4.2. Diagnosis of the Water Resources Carrying Capacity Obstacle factors
- (1)
- The WRCC obstacle degree of each index changed with the evaluation area and the evaluation year, and even for the same index, its obstacle degree changed with the evaluation sample, which showed that the method constructed in this paper can dynamically diagnose and identify obstacle factors.

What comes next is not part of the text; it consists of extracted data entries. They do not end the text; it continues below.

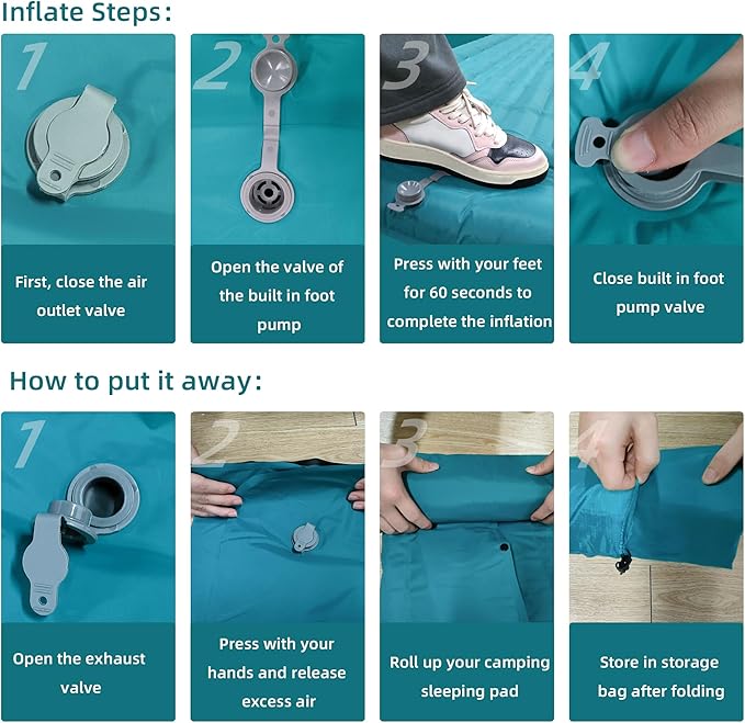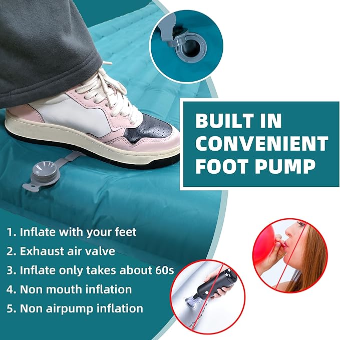 - 🏜️【Easy Inflate and Deflate】No more blowing your air mattress camping with your mouth! It has a built-in foot pump that allows you to inflate it in less than 50 seconds. Just open the deflation valve and the air will be deflated in 1 second. You can adjust the hardness of the mat by adding or releasing air as you like.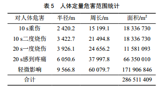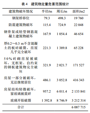 該爆炸事故對建筑物定量危害范圍如表 4所示。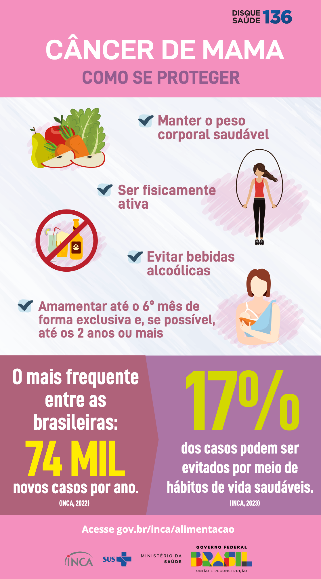 - Estilo de vida saudável: A importância da atividade física, alimentação balanceada e controle do peso para a prevenção não só do câncer, mas de várias outras doenças.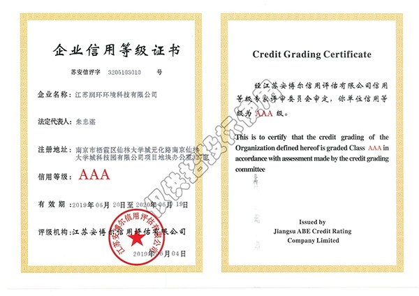 企業(yè)信用等級(jí)3A證書(shū)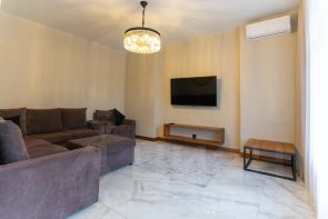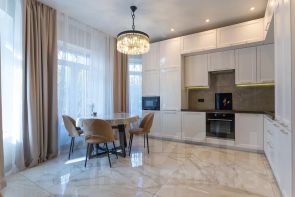 Квартира полностью меблирована, укомплектована высокачественной бытовой техникой. Выполнен авторский ремонт. Из окон открывается вид на центр города.Огороженная охраняемая территория.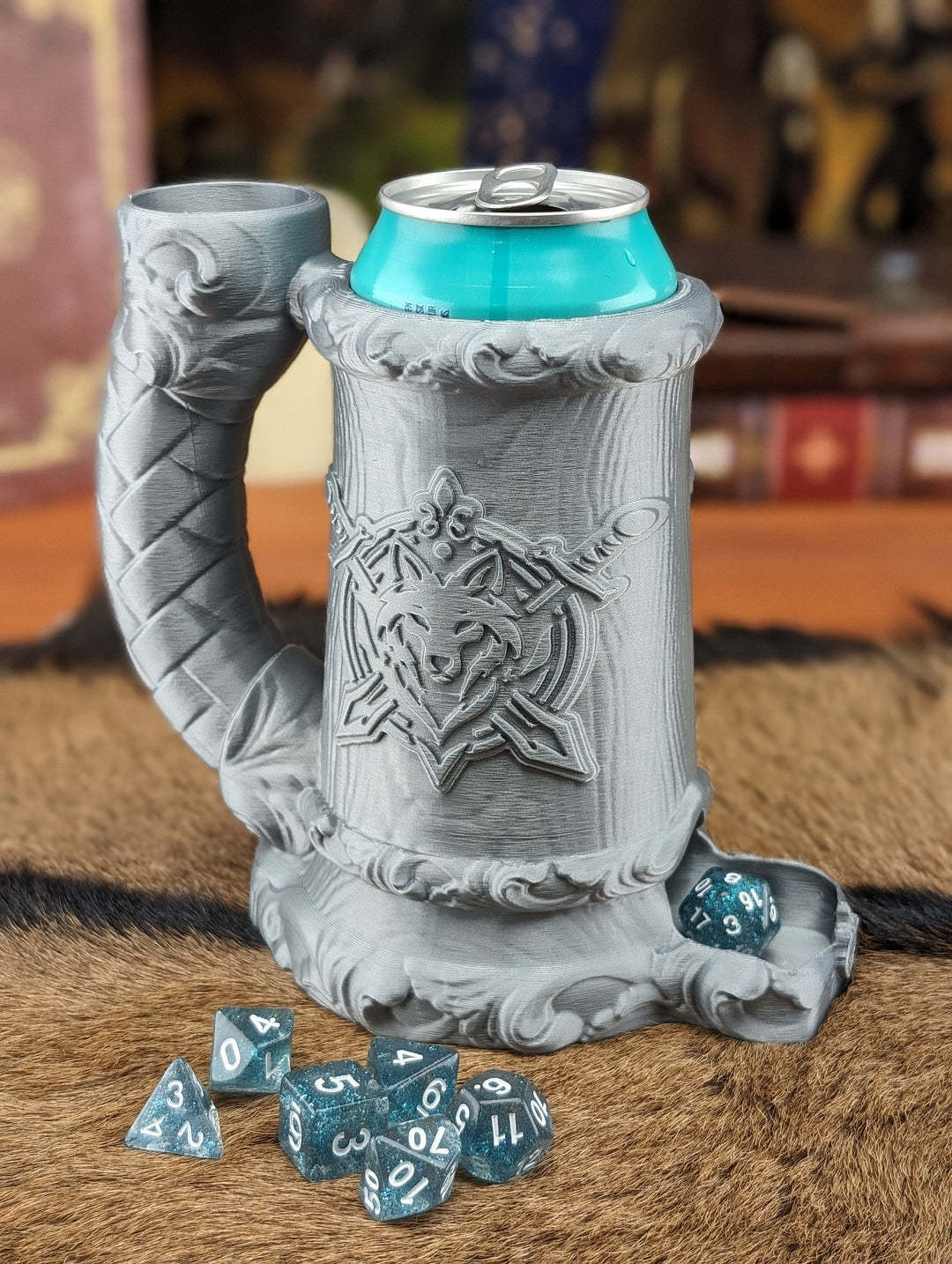 Be the envy of the table at your next D&D night with this can coozie / dice tower combo piece!

Taking Huainan City as an example, the obstacle degree was ranked from largest to smallest as C11 > C4 > C1 > C5 > C10 > C7 > C8 > C12 > C9 > C13 > C6 > C2 > C3 in 2018, and C1 > C5 > C11 > C4 > C2 > C10 > C8 > C7 > C12 > C9 > C13 > C6 > C3 in 2019, respectively. In terms of the evaluation indexes, the water resources carrying capacity state of six cities in the Huaibei Plain developed positively from 2011–2018, while the main reason for the deterioration in 2019 was attributed to the low precipitation in that year, the decrease in water resources, and the high degree of water resource utilization. The average obstacle degree of the per capita water resources C1 (average value of 2011–2018) of the six cities in the Huaibei Plain increased from 0.9263 to 0.9654 in 2019; the average obstacle degree of the annual water production modulus C2 increased from 0.8517 to 0.9271, the average obstacle degree of the utilization ratio of water resources C5 increased from 0.5567 to 0.8322, and the average obstacle degree of the per capita daily domestic water consumption increased from 0.3887 to 0.6655. These data showed that the precipitation in the cities of Huaibei Plain in the year 2019 ranged from 552.1 mm–614.9 mm, which was about 40% less compared to 2018 and about 30% less compared to the multi-year average. It can be seen that the quantitative diagnostic method of the regional WRCC obstacle factors based on the CN and TOPSIS constructed in this paper can effectively identify the change process of carrying capacity evaluation indexes, and the year-by-year change in the obstacle degree can quantitatively analyze the reasons for the change in the carrying state.
- (2)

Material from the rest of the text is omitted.